The Finance Ministry has released the auction calendar for Government of India Treasury Bills worth Rs 3.84 lakh crore for the quarter ending March 2026.
The date of the auction has been scheduled to start from January 7 and end on March 26, 2026. The government plans to raise Rs 1.44 lakh crore through 91-day treasury bills, Rs 1.44 lakh crore in 182 days, and Rs 96,000 crore through 364-day treasury bills.

The notification issued on December 29, 2025, read that the Centre and RBI will have the flexibility to modify the indicated amount and timing for auction of Treasury Bills, depending upon the requirements, evolving market conditions and other relevant factors, after giving due notice to the market.
What are Treasury Bills?
The RBI, on behalf of the Government of India, issues Treasury Bills (T-bills) as a measure to finance immediate funding requirements for a defined period and pays assured or predictable returns on the borrowed amount. It is a debt instrument suited particularly for risk-averse investors, as it comes with a sovereign guarantee.
Investment & profit
T-bills are not an interest-generating investment instrument, but are sold at a discounted rate to their face value. Investors profit from the difference between the purchase price and the value received during the maturity period.

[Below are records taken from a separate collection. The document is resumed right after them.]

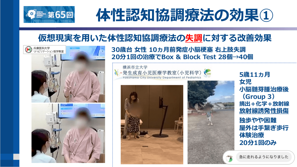 #3. 体性認知協調療法の効果① 仮想現実を用いた体性認知協調療法の失調に対する改善効果 30歳台 女性 10ヵ月前発症小脳梗塞 右上肢失調 20分1回の治療でBox & Block Test 28個→40個 5歳11ヵ月 女児 小脳髄芽腫治療後 (Group 3) 摘出+化学+放射線 放射線誘発性損傷 独歩やや困難 屋外は手繋ぎ歩行 体験治療 20分1回のみ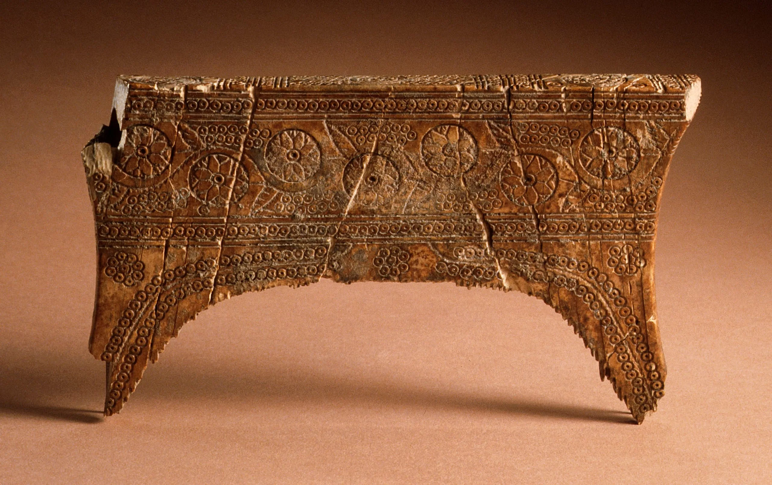 The comb is rectangular with concave sides. The teeth of this originally fine-toothed comb are now lost, probably due to breakage. The handle is ornamented with an incised horizontal panel with a coin border. It is filled with burgeoning lotus blossoms on scrolling vines that symbolize Buddhist concepts of purity, enlightenment, and paradise. Assimilated from Greco-Roman artistic conventions, scrolling vines with lotuses were often incorporated into Gandharan architecture as a design element, such as on a frieze in the Metropolitan Museum of Art, New York (13.96.24). On the curved sides flanges, willowy fronds with seed clusters and medallions gracefully encircle the mouth of the comb.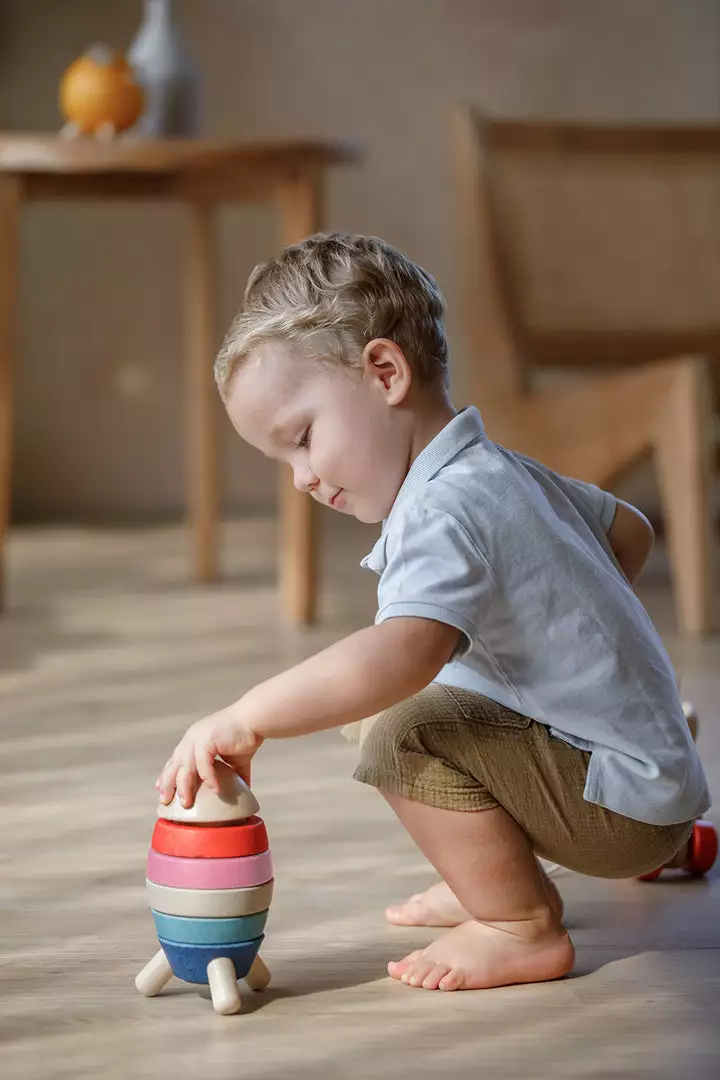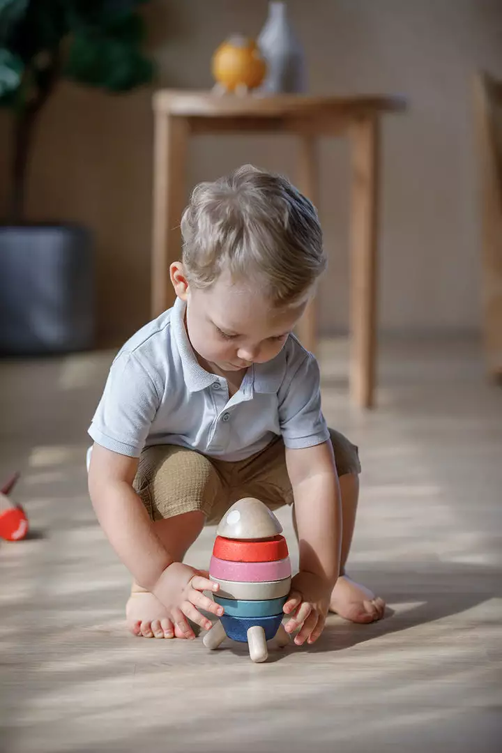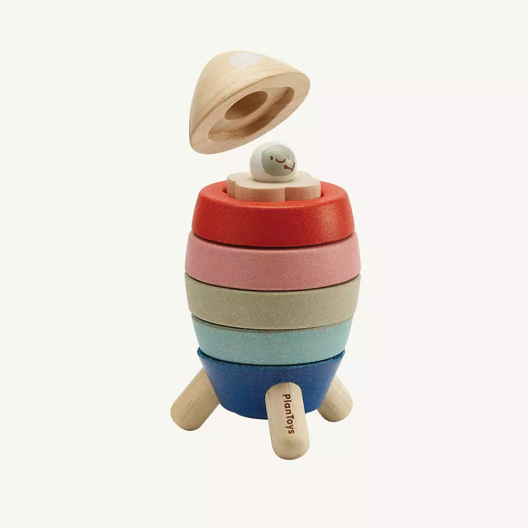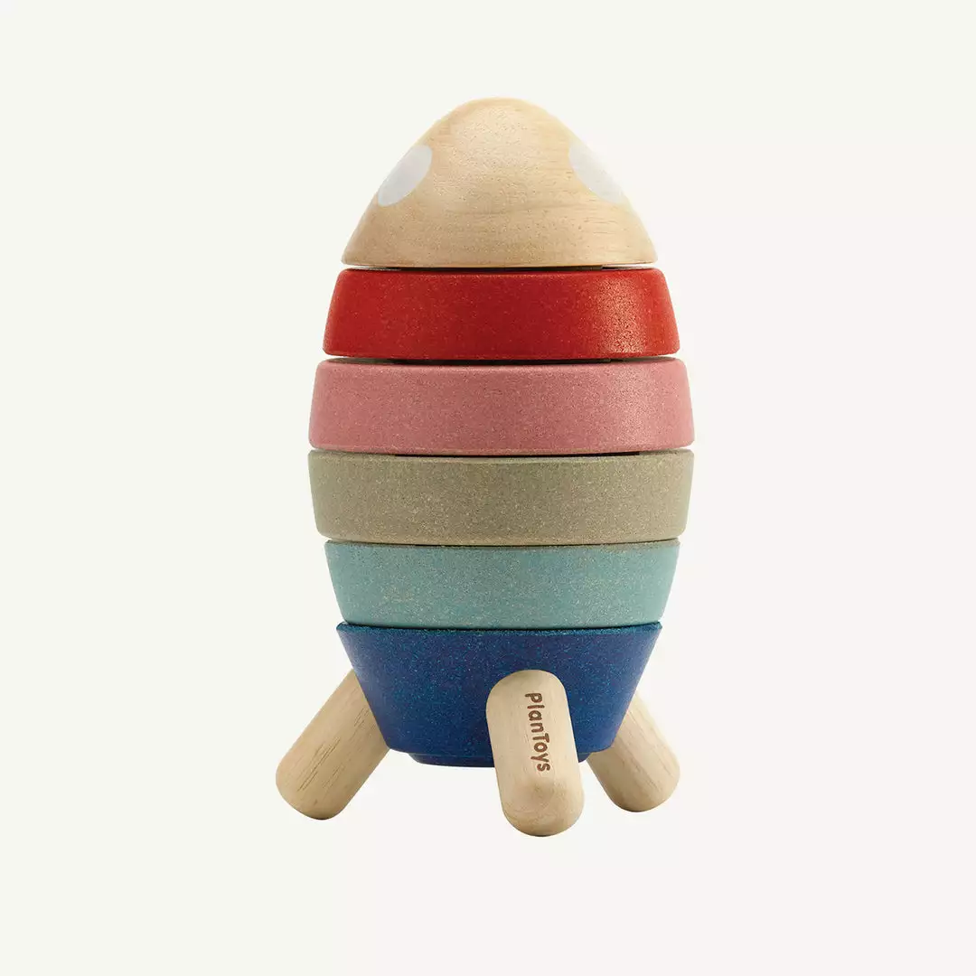 Plan Toys Stacking Rocket. This stylish and colourful take on a classic stacking toy is a fun way to help your little one learn about shapes and colours, along with developing their hand-eye co-ordination and motor skills. A wonderful toy for little imaginations, they will love stacking the colourful pieces and jetting off on a space adventure.Â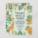 Celebre o terceiro aniversário de sua pequena coisa selvagem com este convite temático "Jovem, Selvagem e Três", com folhas falsas de ouro (girafa, leão e macacos), folhagem de ouro e selva verde, e borrão de ouro. Adicione o nome do seu filho e os detalhes da festa em texto preto num fundo verde pastel. Um padrão de folhagem da selva em verde e ouro decora a parte de trás da carta.
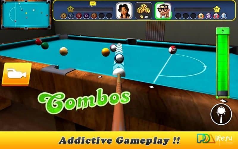 Gerçek Snooker Bilardo Havuzu 2 – Android için çeşitli oyun türleriyle gerçekçi bir bilardo oyunu. Oyunda, becerilerinizi geliştirebileceğiniz pratik modu mevcut ve sonrasında diğer oyunculara meydan okuyarak onlarla yarışabilir ve puan toplayabilirsiniz. Misketi elinize alın, nişan alın ve toplara vurun, onları doğru deliklere sokun. Maçları kazanın ve kazandığınız puanlarla mağazadan yeni misketler ve masalar satın alın. Bilardo oyunu hiç bu kadar gerçekçi olmamıştı; harika fizik ile sizi mutlu edecek. Tek oyunculu modda ya da çevrimiçi modda arkadaşlarınızla oynayın. Bilardoda gerçek bir profesyonel olun ve becerilerinizi geliştirin.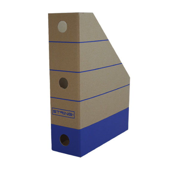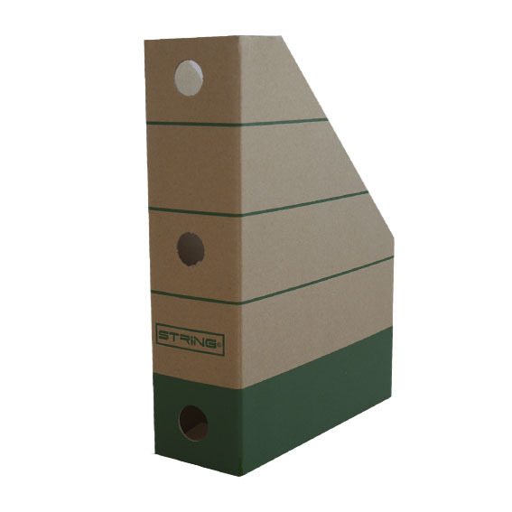Pevný papierový stojan na časopisy vyrobený z lakovaného kartónu. Je určený najme na ukladanie časopisov, katalógov, cenníkov a pod., do formátu A4. Má hladký lakovaný povrch. Je ľahko zostaviteľný. Pre jednoduchšie uchopenie v chrbte má vyrezaný otvor. Šírka chrbta 80 mm. Väčšie balenie 10 ks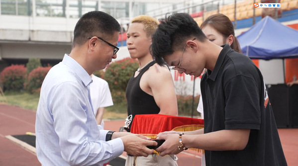 徐须实为“百人拔河对抗赛”前三名团队文化旅游学院、机电工程学院、医学院颁奖。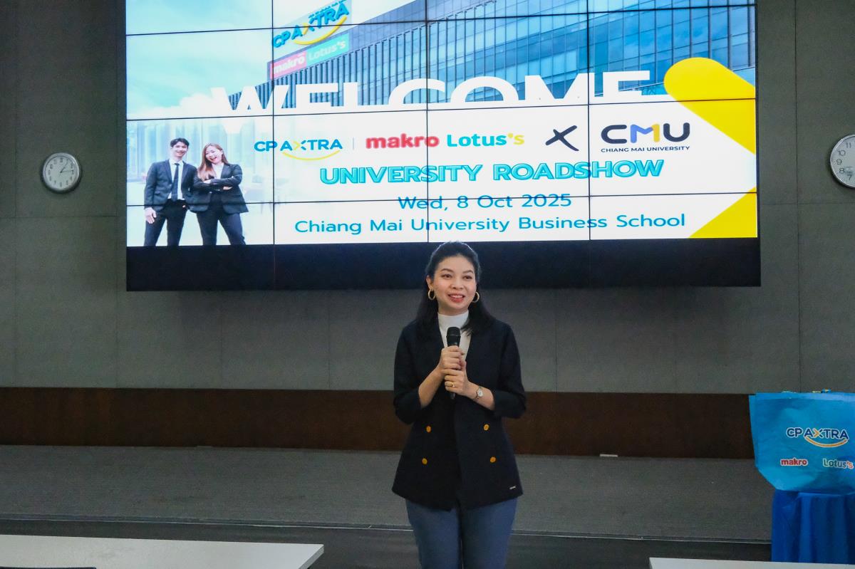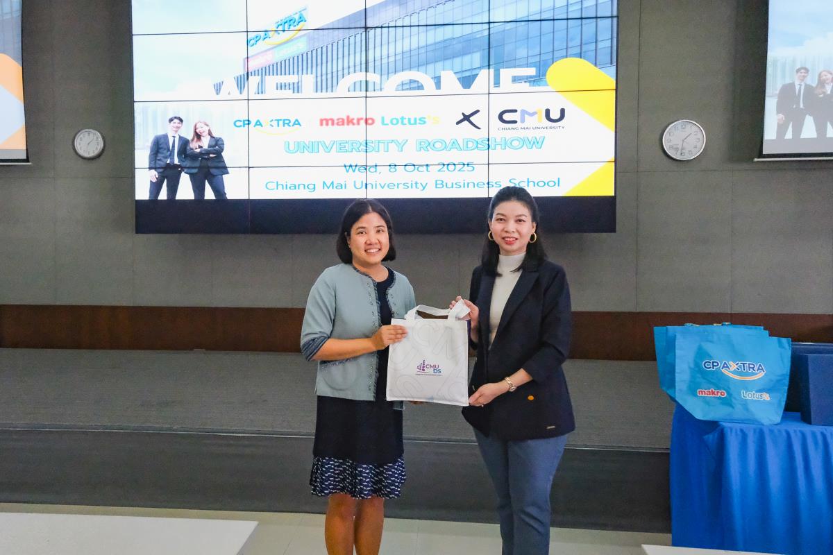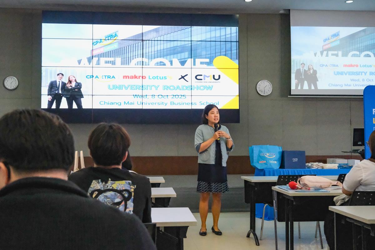 วันที่ 8 ตุลาคม 2568 ศูนย์พัฒนาความสำเร็จแห่งอาชีพ (Career Success Center : CSC) คณะบริหารธุรกิจ มหาวิทยาลัยเชียงใหม่ จัดกิจกรรม Company Presentation ในหัวข้อ CP AXTRA พลิกโฉมธุรกิจค้าส่ง–ค้าปลีกแบบครบวงจร สู่ความสำเร็จยุคใหม่ โดยได้รับเกียรติจาก คุณศิวณี ม่วงน้อยเจริญ Senior Manager – Talent Acquisition & Employer Branding บริษัท ซีพี แอ็กซ์ตร้า จำกัด (มหาชน) ร่วมบรรยายแนะนำองค์กร CP AXTRA (Makro – Lotus’s) ถ่ายทอดมุมมองธุรกิจค้าส่ง–ค้าปลีกยุคใหม่ แนะแนวเส้นทางอาชีพและเทคนิคการสมัครงานแก่นักศึกษาคณะบริหารธุรกิจ ณ ห้องประชุม ชั้น 6 อาคาร 2 คณะบริหารธุรกิจ มหาวิทยาลัยเชียงใหม่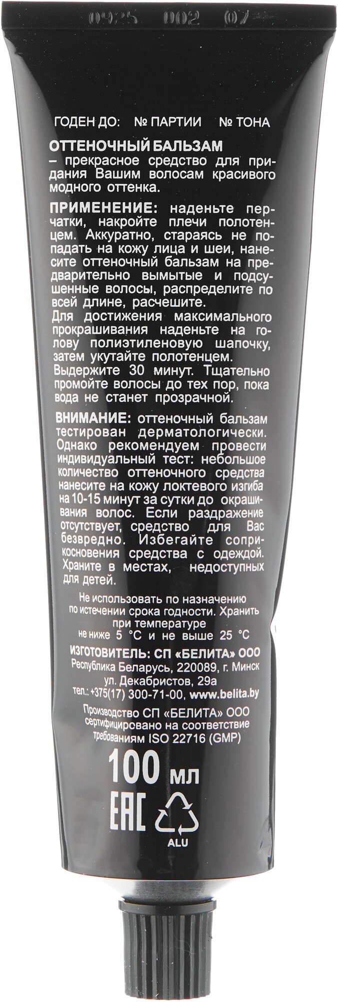| Способ применения | наденьте перчатки, накройте плечи полотенцем. Аккуратно, стараясь не попадать на кожу лица и шеи, нанесите оттеночный бальзам-маску на предварительно вымытые и высушенные волосы, распределите по всей длине, расчешите. Выдержите 30 минут, тщательно промойте волосы |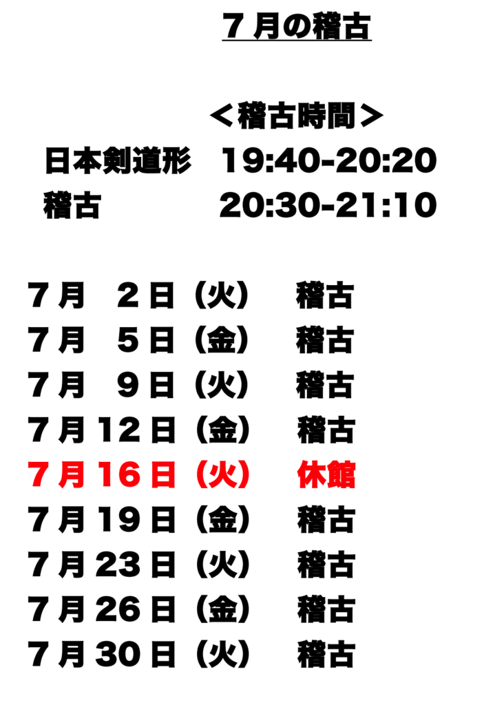 2024年7月の稽古 2024 6/24 稽古予定 2024年6月24日2026年1月24日 日頃より道場運営のご協力ありがとうございます。 暑い日が続きますので、水分補給の準備など各自でお願いします。 稽古予定 Screenshot 稽古予定 【訃報】内堀詩子先生のご尊父様ご逝去 井上夏希先生 長野県居合道大会 個人戦優勝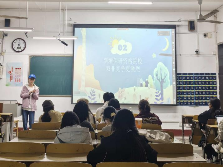 孙萌将此次讲座分为“政策与规则解读”“核心能力提升经验分享”“升学关键环节指导”和“互动交流环节”四个部分。首先,她结合自身学习经验,向学生们解读相关的保研政策与规则,以个人经历,详细阐述了担任学生会干部时期的工作心得,强调了学业与任务之间平衡的重要性。此外,他还分享了如何在压力中坚定保研目标,达成学术成就,不断完善自我的方法。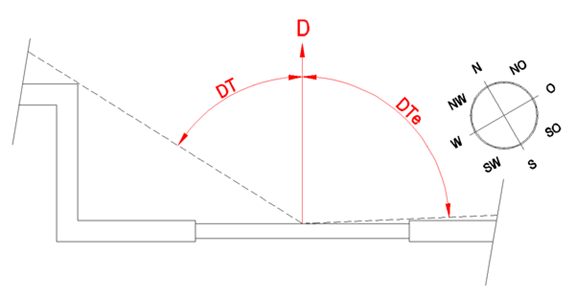 DTe: Směrová tolerance pro výstup slunce z úhlu stínícího zařízení, tedy stejný princip jako parametr DT.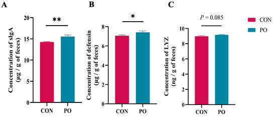 As shown in Figure 2, the levels of slgA and defensin in the feces of calves at 7 days in the PO group were significantly increased by feeding them yeast β-glucan (p < 0.01 or p < 0.05), and the LYZ concentration in the rectal feces of the PO group also tended to increase at 7 days of age (p = 0.085).

Here’s a calculation of T-bills of Rs 100 face value issued at Rs 95.
P = Purchase Price: Rs 95
D = Date of Maturity: 91 days
The following formula is used:
Yield = [(100-P)/P] x (365/D) x 100]
= [(100-95)/95] x (365/91) x 100]
= 21.11%
Maturity
The maturity period is typically fixed at 91, 180, and 364 days.
Minimum investment
RBI mandates that a minimum investment in T-bills should be Rs 25,000 and in multiples of Rs 25,000.
Where to buy T-bills
The primary mode of investment in T-bills is to set up a Retail Direct Gilt (RDG) account with the RBI, which is linked with an investor’s savings account for direct transactions. Investors can also buy or sell securities directly on the secondary market from the RDG account.
It can also be purchased through stock exchanges by setting up a demat account with a broker or any bank.
Taxation
Profit earned from T-bills is subject to short-term capital gains (STCG) and is taxed according to the income tax slab rates of investors.